Fixed to a telegraph pole at the foot of the hill below the chateau is a loudspeaker. At irregular intervals throughout the day it emits a two-tone chime like those that precede flight announcements, and then a voice booms out. ‘La population est informée…’ that the travelling butcher’s van is now parked in the village square and open for business, or that the post office will be closed tomorrow for training, or some other indispensable item of civic information.

It’s extraordinarily intrusive, as well as being mostly unintelligible on account of the fact that the amplified voice bounces off the chateau and its terraces, the walls of the Canal du Midi which flows below us, and any other solid surfaces within a fifty metre radius. It’s intrusive particularly because we’re here to write, the ten of us who have come together on retreat at Chateau Ventenac; though it must be equally irritating, I’m sure, for the ordinary holiday-makers staying nearby or moored in their barges on the canal.

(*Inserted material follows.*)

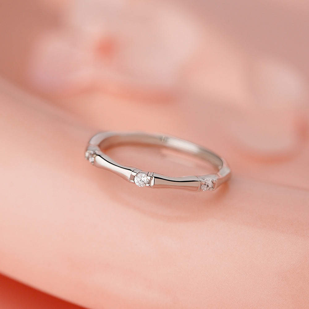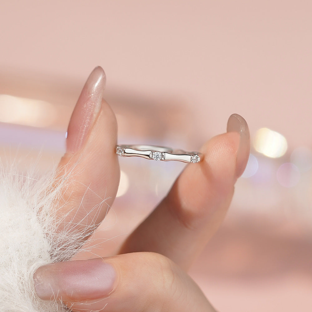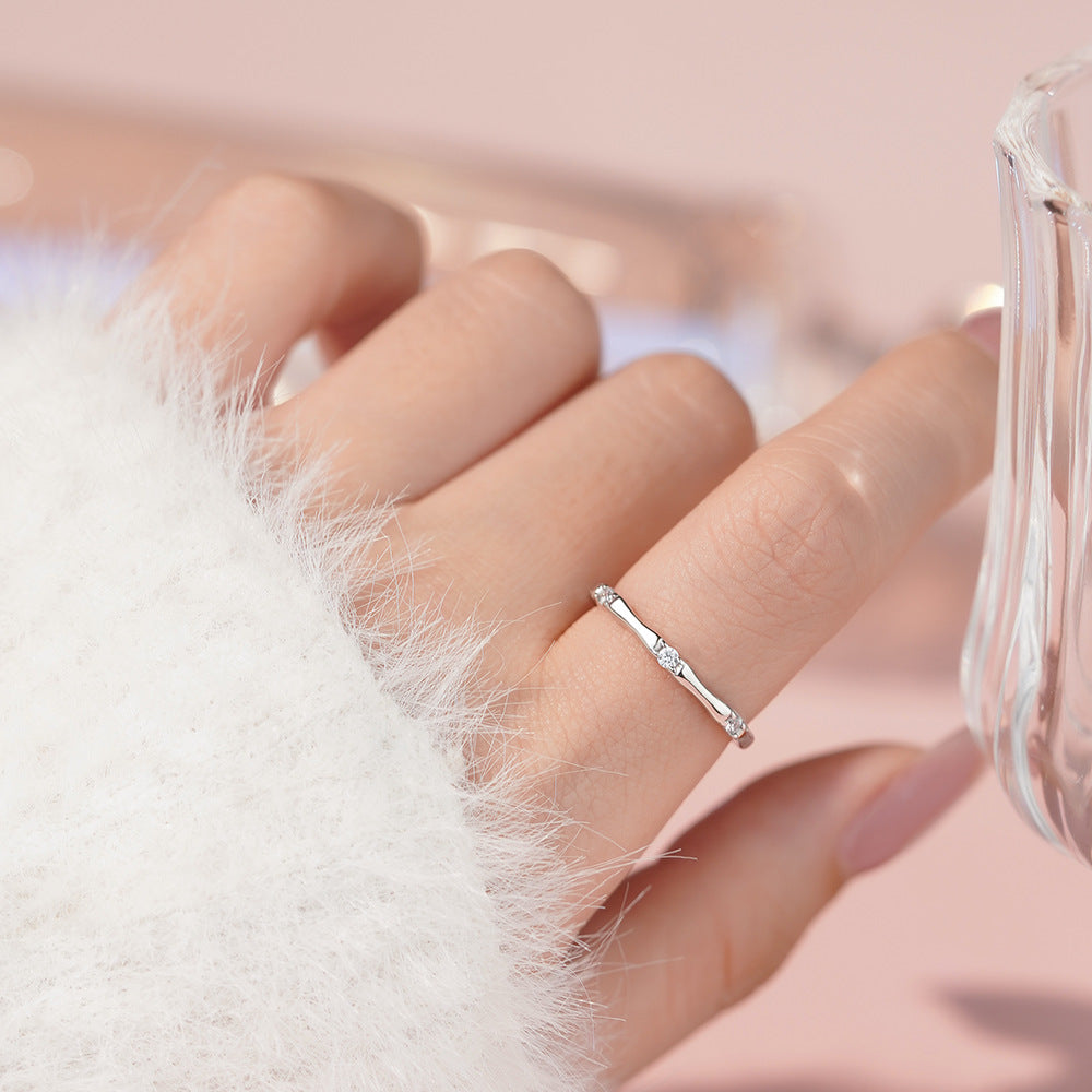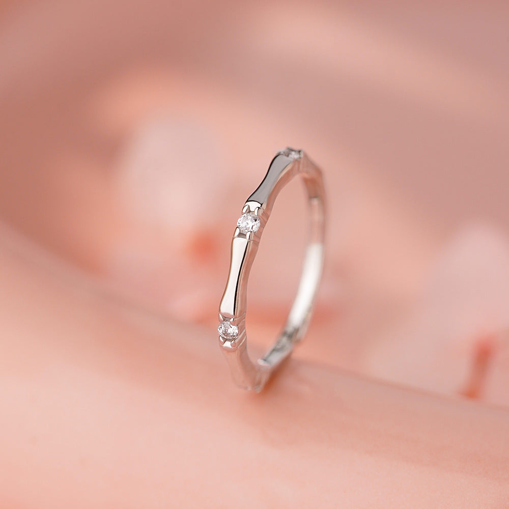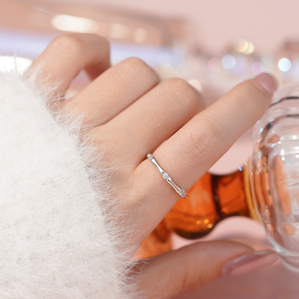 D廠【YC5258R】S999足銀新中式竹節鋯石戒指女國風小眾文藝復古百搭森係指環 25.12-1

Jolted each time from my thoughts, I find myself imagining we’re being summoned to a guillotining, or at the very least a village assembly and a couple of rousing choruses of the Marseillaise. Although it’s only information of a (moderately) useful nature, there’s a distinctly Orwellian feel to the whole thing. If it were to start ‘Attention citoyens!’ one wouldn’t be surprised. And it comes with an image of a prim woman in a khaki uniform sitting at a microphone in a booth somewhere in the bowels of the mairie, waiting for the next official to solemnly hand her a piece of paper.

Then there are the motocyclettes, the smirking, sniggering teenagers of two-wheeled transport, designed surely, with their defiant, hornet whine, for the sole purpose of deafening and infuriating. For all that, the benefits of Chateau Ventenac far outweigh its disadvantages: a building full of character, plenty of shady nooks and corners for working, a swimming pool, a superb chef. We are all managing to write and in the quiet hour before dinner we gather on the terrace with a drink and take turns to read. Then the loudspeaker is silent, the motos are garaged or parked outside bars, and we are alone with our words. That’s what we’ve come for.